[Information given]
..........

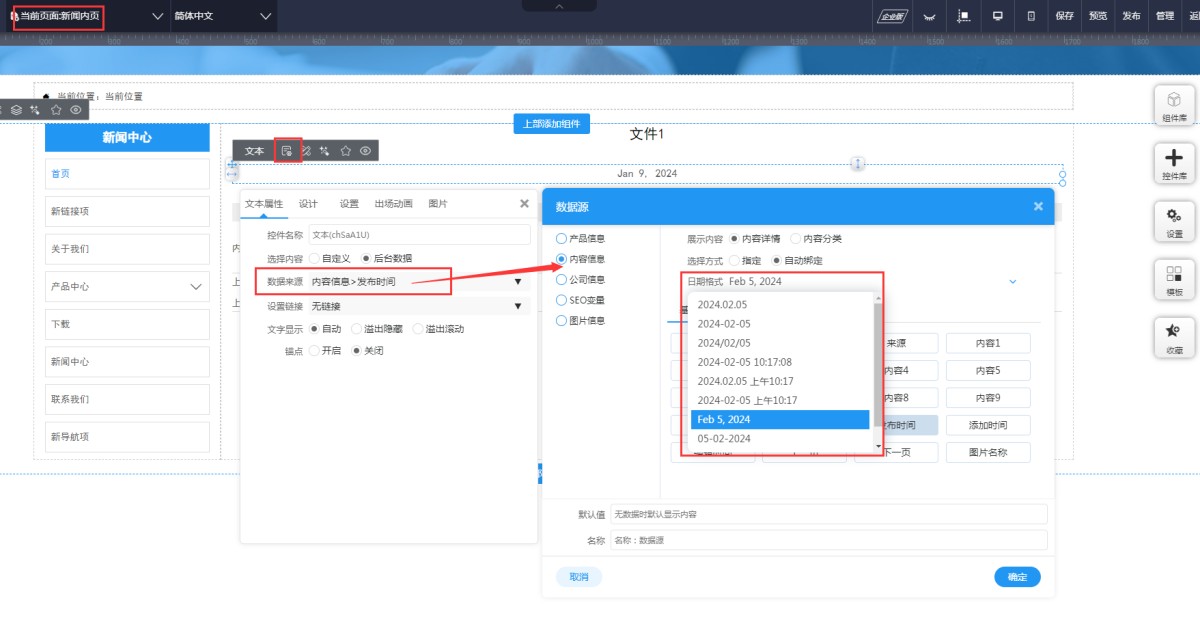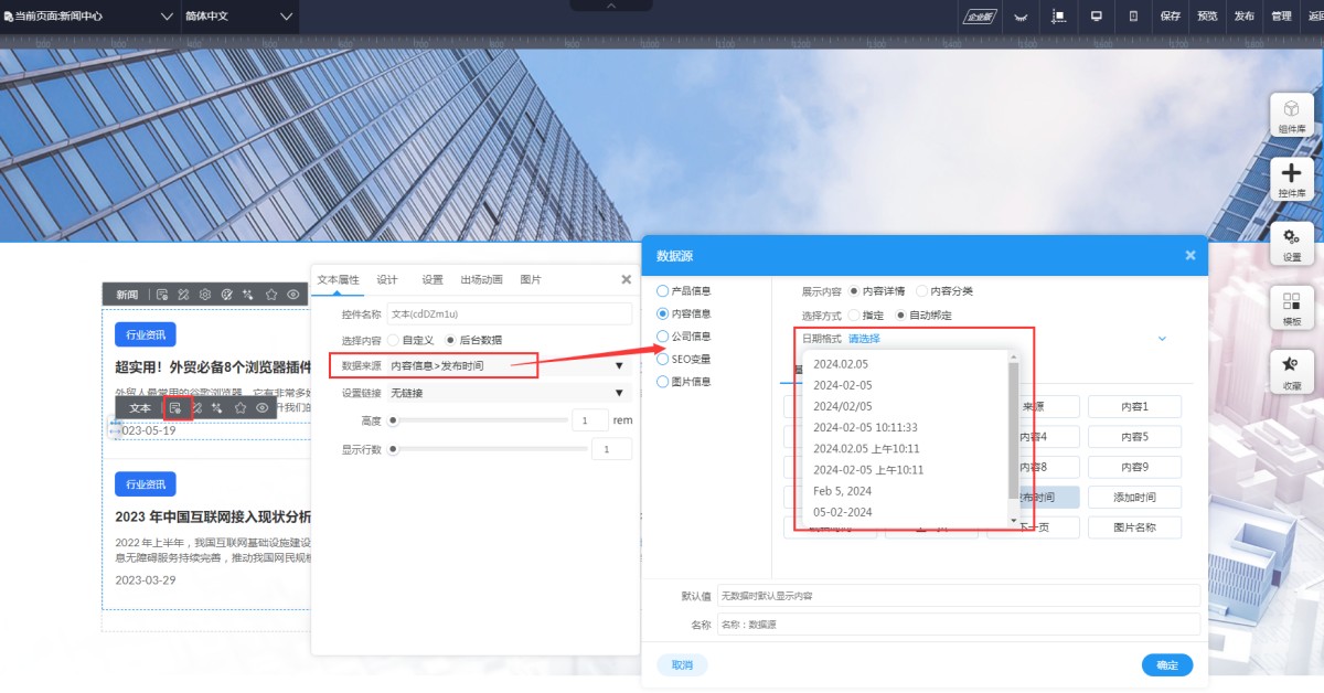 新闻列表是在第一个新闻的日期文本上可以点出属性,数据来源选择自动绑定-发布时间或添加时间,就可以选择日期格式了。
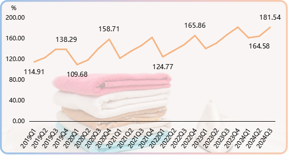 2024年三季度,在新花型推出數強勢增長的帶動下,時尚創意指數扭轉跌勢,低位抬升,收于161.65點,環比漲幅33.75%。
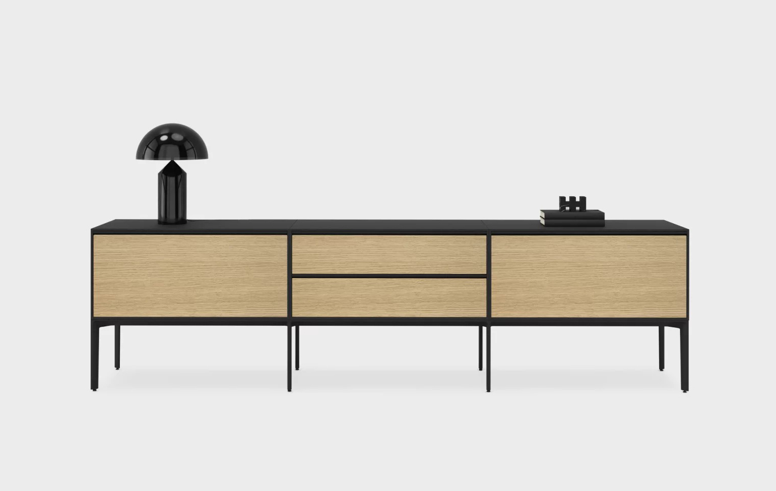 Avec le système de rangement ADD S, vous pouvez créer un buffet moderne en métal adapté à votre espace. Idéal pour les espaces publics et privés, il peut se composer d'éléments h74 avec tiroirs, portes basculantes et meubles de rangement ouverts. Le cadre en aluminium peut être peint en noir ou en blanc et tous les éléments peuvent être personnalisés dans leurs finitions. Vous pouvez créer un buffet moderne en bois et métal pour les contextes élégants et minimalistes, un buffet en métal et tissu pour jouer avec les couleurs et apporter de la chaleur à l'environnement, un buffet avec des portes laquées blanches ou noires pour s'accorder ou contraster avec le cadre en aluminium.
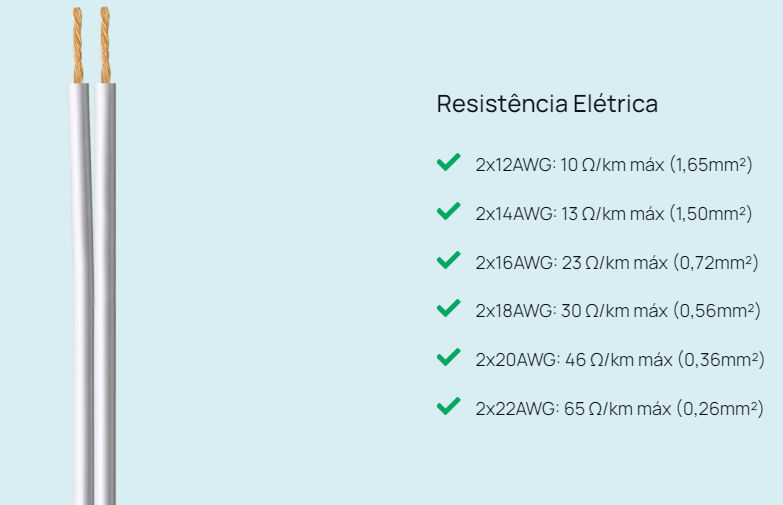 Condutores Extra-Flexíveis 100% cobre eletrolítico mole, torcidos os cabos paralelos Condutti são fabricados para atender diversas aplicações, entre elas, alimentação de câmeras ou sonorização ambiente. A capa externa na cor branca em PVC Antichama possui marcação em relevo para polarização.
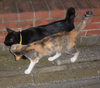 8.九郎ちゃんにお尻を向ける三毛珍獣ちゃんと三毛珍獣ちゃんのお尻に寄り添う九郎ちゃん。エロ親父らしいしぐさですね。
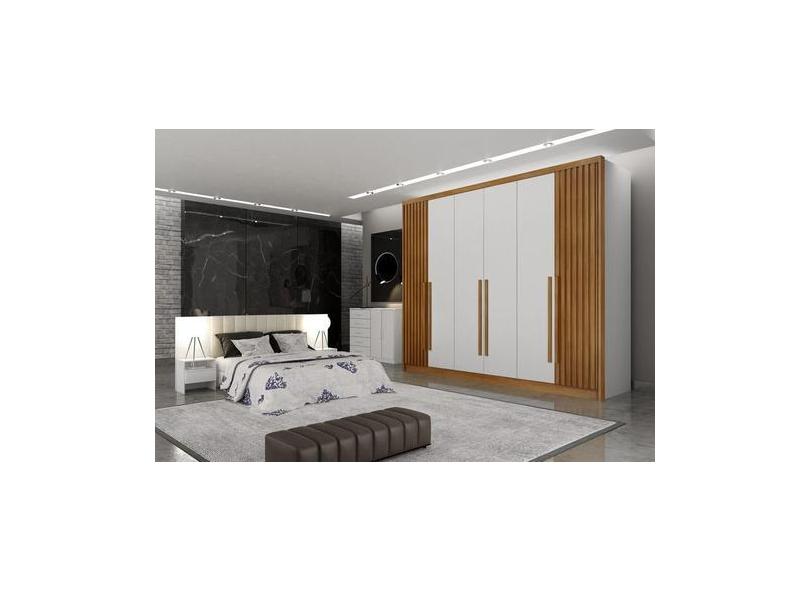 Guarda Roupa Casal 6 Portas 8 Gavetas - Maldivas Ripado-Branco - Móvei
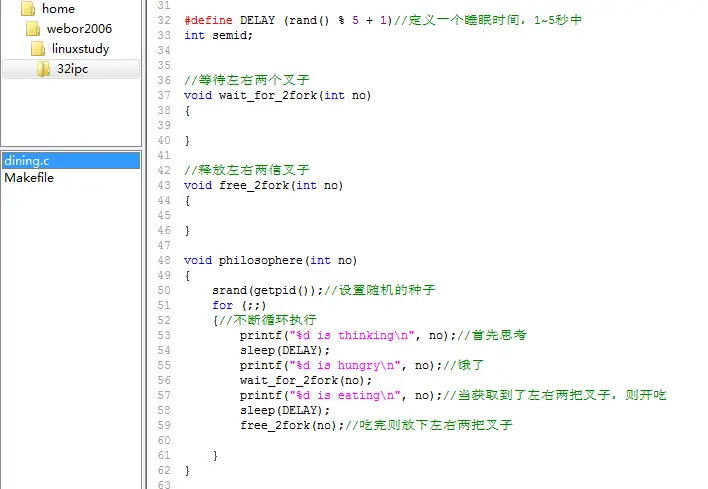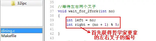 哲学家的生活中有两种交替活动时段:即吃饭和思考(这只是一种抽象,即对哲学家而言其他活动都无关紧要)。当一个哲学家觉得饿了时,他就试图分两次去取其左边和右边的叉子,每次拿一把,但不分次序。如果成功地得到了两把叉子,就开始吃饭,吃完后放下叉子继续思考。关键问题是:能为每一个哲学家写一段描述其行为的程序,且决不会死锁吗?(要求拿两把叉子是人为规定的,我们也可以将意大利面条换成中国菜,用米饭代替通心粉,用筷子代替叉子。)
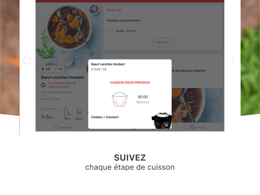 - Réaliser le pas à pas de la recette en simultanée sur l’application et sur Cookeo + Connect via une connexion Bluetooth Smart, pour assurer un résultat toujours parfait.
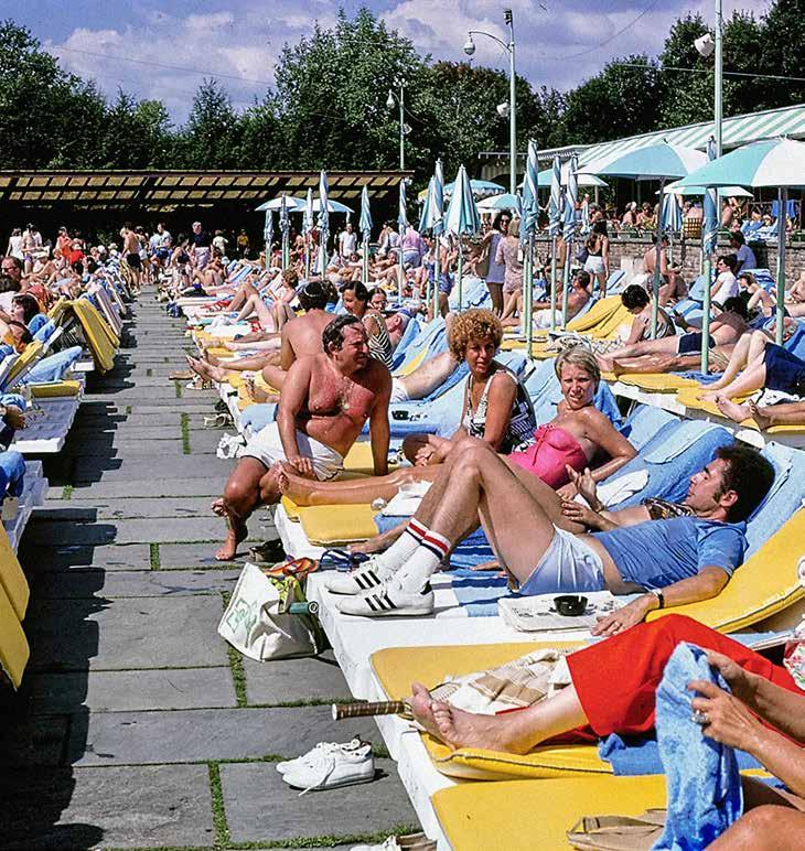 Vacationers resting poolside at Grossinger’s Catskill Resort Hotel, Liberty, New York; photo by John Margolies, c. 1977. This iconic image of poolside leisure embodies the golden era of the Borscht Belt—an essential chapter of American Jewish life and culture. Families gather, sunbathe, and schmooze in a scene that recalls the heyday of the Catskills resorts, where community, comedy, and comfort reigned supreme.

..........

[About this task]
Give back the listing exactly, without a single picture.

[Output of the task]
 新闻列表是在第一个新闻的日期文本上可以点出属性,数据来源选择自动绑定-发布时间或添加时间,就可以选择日期格式了。
 2024年三季度,在新花型推出數強勢增長的帶動下,時尚創意指數扭轉跌勢,低位抬升,收于161.65點,環比漲幅33.75%。
 Avec le système de rangement ADD S, vous pouvez créer un buffet moderne en métal adapté à votre espace. Idéal pour les espaces publics et privés, il peut se composer d'éléments h74 avec tiroirs, portes basculantes et meubles de rangement ouverts. Le cadre en aluminium peut être peint en noir ou en blanc et tous les éléments peuvent être personnalisés dans leurs finitions. Vous pouvez créer un buffet moderne en bois et métal pour les contextes élégants et minimalistes, un buffet en métal et tissu pour jouer avec les couleurs et apporter de la chaleur à l'environnement, un buffet avec des portes laquées blanches ou noires pour s'accorder ou contraster avec le cadre en aluminium.
 Condutores Extra-Flexíveis 100% cobre eletrolítico mole, torcidos os cabos paralelos Condutti são fabricados para atender diversas aplicações, entre elas, alimentação de câmeras ou sonorização ambiente. A capa externa na cor branca em PVC Antichama possui marcação em relevo para polarização.
 8.九郎ちゃんにお尻を向ける三毛珍獣ちゃんと三毛珍獣ちゃんのお尻に寄り添う九郎ちゃん。エロ親父らしいしぐさですね。
 Guarda Roupa Casal 6 Portas 8 Gavetas - Maldivas Ripado-Branco - Móvei
 哲学家的生活中有两种交替活动时段:即吃饭和思考(这只是一种抽象,即对哲学家而言其他活动都无关紧要)。当一个哲学家觉得饿了时,他就试图分两次去取其左边和右边的叉子,每次拿一把,但不分次序。如果成功地得到了两把叉子,就开始吃饭,吃完后放下叉子继续思考。关键问题是:能为每一个哲学家写一段描述其行为的程序,且决不会死锁吗?(要求拿两把叉子是人为规定的,我们也可以将意大利面条换成中国菜,用米饭代替通心粉,用筷子代替叉子。)
 - Réaliser le pas à pas de la recette en simultanée sur l’application et sur Cookeo + Connect via une connexion Bluetooth Smart, pour assurer un résultat toujours parfait.
 Vacationers resting poolside at Grossinger’s Catskill Resort Hotel, Liberty, New York; photo by John Margolies, c. 1977. This iconic image of poolside leisure embodies the golden era of the Borscht Belt—an essential chapter of American Jewish life and culture. Families gather, sunbathe, and schmooze in a scene that recalls the heyday of the Catskills resorts, where community, comedy, and comfort reigned supreme.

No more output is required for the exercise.